On 02/10/2015 08:49 AM, Bjorn Helgaas wrote:
We need to work out what's going wrong here before we rush into a band-aid.
What changed between v3.4 and v3.4.1 that exposed this problem? "git
log --oneline v3.4..v3.4.1" doesn't show any likely culprits. Paul,
are those the versions you tested? Your dmesg logs at
https://bugzilla.kernel.org/show_bug.cgi?id=92351 show
"3.4.0-030400-generic" and "3.4.1-030401-generic" but I don't know
whether those are precisely v3.4 and v3.4.1.
I assume this system works fine with Windows, and I doubt Windows has
a hack like "never move LSI devices." So it would be useful to know
if we're doing something stupid in Linux that makes us trip over this.
Paul, if you happen to have Windows on this machine as well, a
complete AIDA64 report (free trial version at http://www.aida64.com)
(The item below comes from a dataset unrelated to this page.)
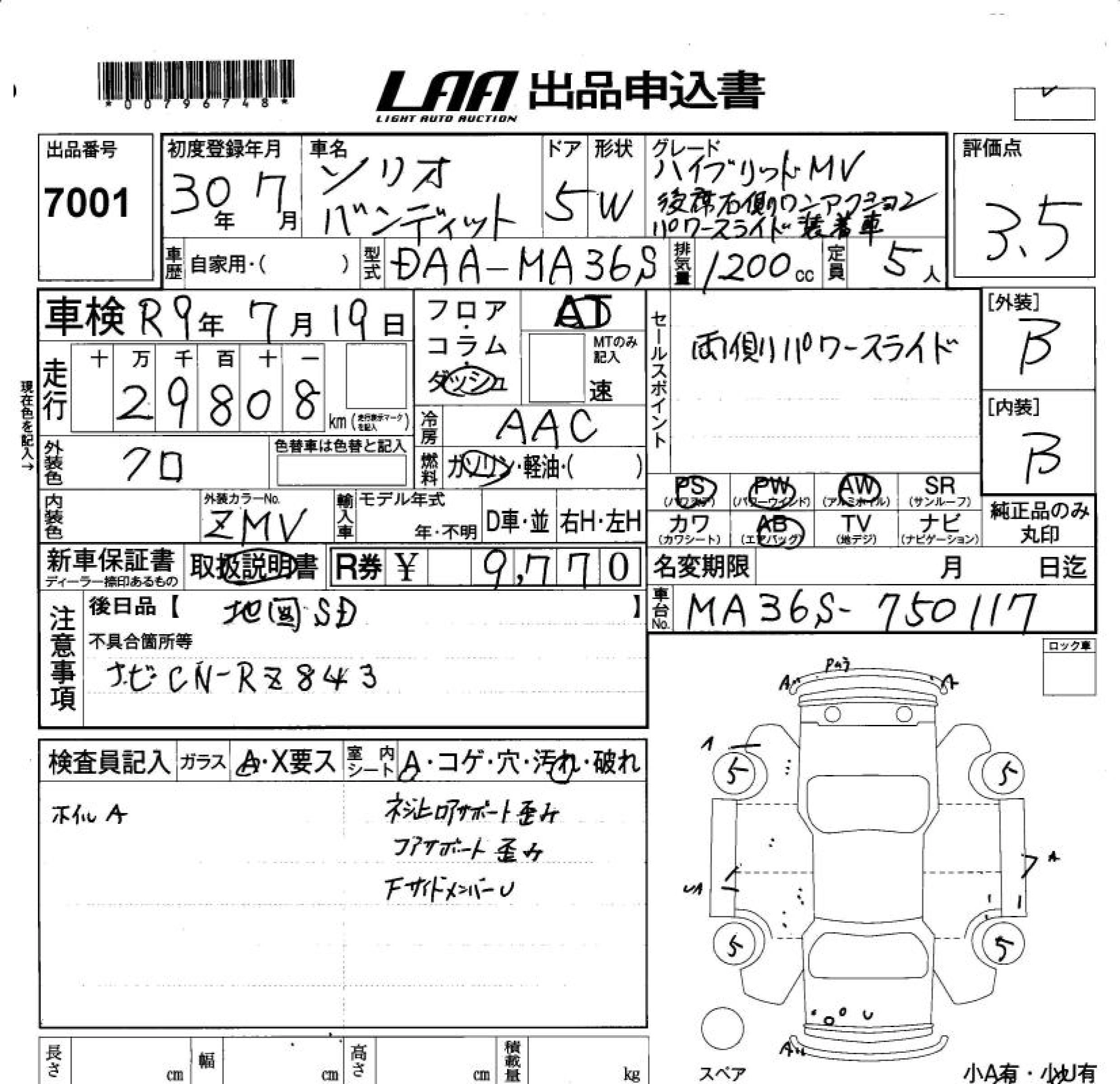 30 000 км КузовMA36S Комплектация HYBRID MV REAR SEAT RIGHT SIDE WANA

would show what Windows did.
The resource allocation we're doing is related SR-IOV, and
unfortunately we don't print enough information in dmesg to figure
everything out. Paul, can you attach the complete "lspci -vv" output
to the bugzilla?
Bjorn
The system I have had this problem on is in production, though it should
be replaced by a real server. Because it is in use, I have used a
separate boot disk to test kernels. I also have limited access to take
the machine down. The system runs ubuntu server, though I have used an
ubuntu desktop to test kernels. There is not a windows system on the
machine, though, just guessing, LSI likely provides the windows driver
and that driver may well have dealt with a problem that is looking to be
specific to a firmware/bios version on this card.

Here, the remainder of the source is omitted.